You can find the paper here. Samosseiko tells us about some of the newer techniques spammers have turned to in order to circumvent all the spam defenses that have been put up over the last decade. Of course, spam advertising isn’t going away. Spam e-mail has become a more difficult business, but there are plenty of new vehicles for spam messages such as social media or blog comments.
And there’s more, such as black-hat SEO (Search Engine Optimization): various tricks are employed to get websites to the top of your search results that have no business being there. Malware, illicit software tacitly installed on your computer, is also widely employed, not just to direct you to the spammers’ websites, but also to turn your computer into a bot that can be used to send out spam and circumvent IP blocks.
The Spam Apparatus
To make all these tricks work, big-time spammers have a lot of machinery at their disposal. We, the user, only see the spam message, the flashing ad or the search engine results, but what happens when someone actually clicks the spammers’ links is another story entirely. Researchers from UCSD dove into the world of spam affiliation networks to find out how they worked, what resources they used and how they might be inconvenienced. (Find the paper here.)
The affiliation network needs web servers, to host their sites, domain names for their websites and actual webshops to link to. Because such services as domain name servers are susceptible to shutdown requests if there are complaints about the spammers’ activities, large spam operations tend to either host their own servers or contract third parties dedicated to just this type of activity and proclaimed to be `bulletproof’ against take-downs.
When a user is eventually brought, through dubious methods, to the store website and is actually enticed to buy a fake Rolex or some herbal remedy to improve his potency, the sale has to be handled. (Perhaps surprisingly, there is genuine business going on at the end of the day in most cases; the goods you’re buying are sketchy, but you’re usually actually getting them rather than just being scammed out of your credit card information, apparently. I’m not trying it out for myself, though.) Someone has to supply the goods and ship them to the customer and the payment has to be handled, involving banks and credit card companies willing to do business with the affiliation networks. All of these resources are required to allow the spammer networks to operate.

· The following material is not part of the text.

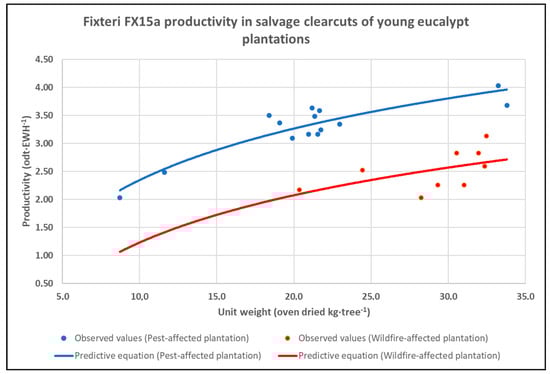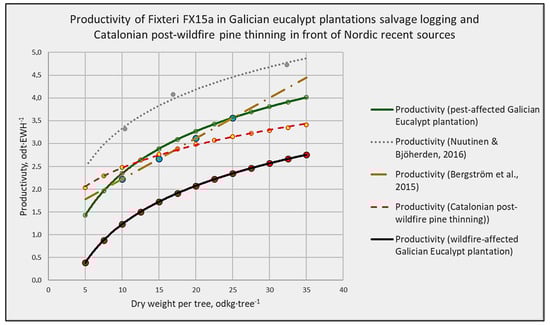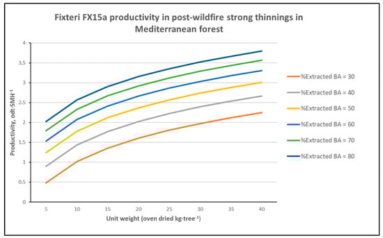 The results of the Catalonian post-wildfire thinning, assuming the total extraction of basal area, are similar—or slightly lower for unit weights over 13 odkg·tree−1—to the pest-affected Galician salvage logging, and the same is true if compared to [3]. So, they are clearly lower—much lower for the greater tree sizes—than the productivity recorded by [38], which probably reflects the stand heterogeneity and poorly planned work in the Catalonian case.

So, spam is serious business and, understandably, an interesting career opportunity for the computer-savvy in e.g. Eastern Europe. It’s a multi-million-dollar industry and it’s shrouded in secrecy; you don’t just walk onto the scene without a strong rep. It could be the setting of the next crime-busting action-packed blockbuster.
The spammers’ activities are at least partially illegal and mostly unethical, but they are catering to a need, because there are plenty of people who click their links and buy their stuff. And so the spam apparatus is probably as strong as it ever was, or stronger still, even if the flood of spam e-mails is abating.
I think I might just start missing those harmless strangers sending me their silly spam.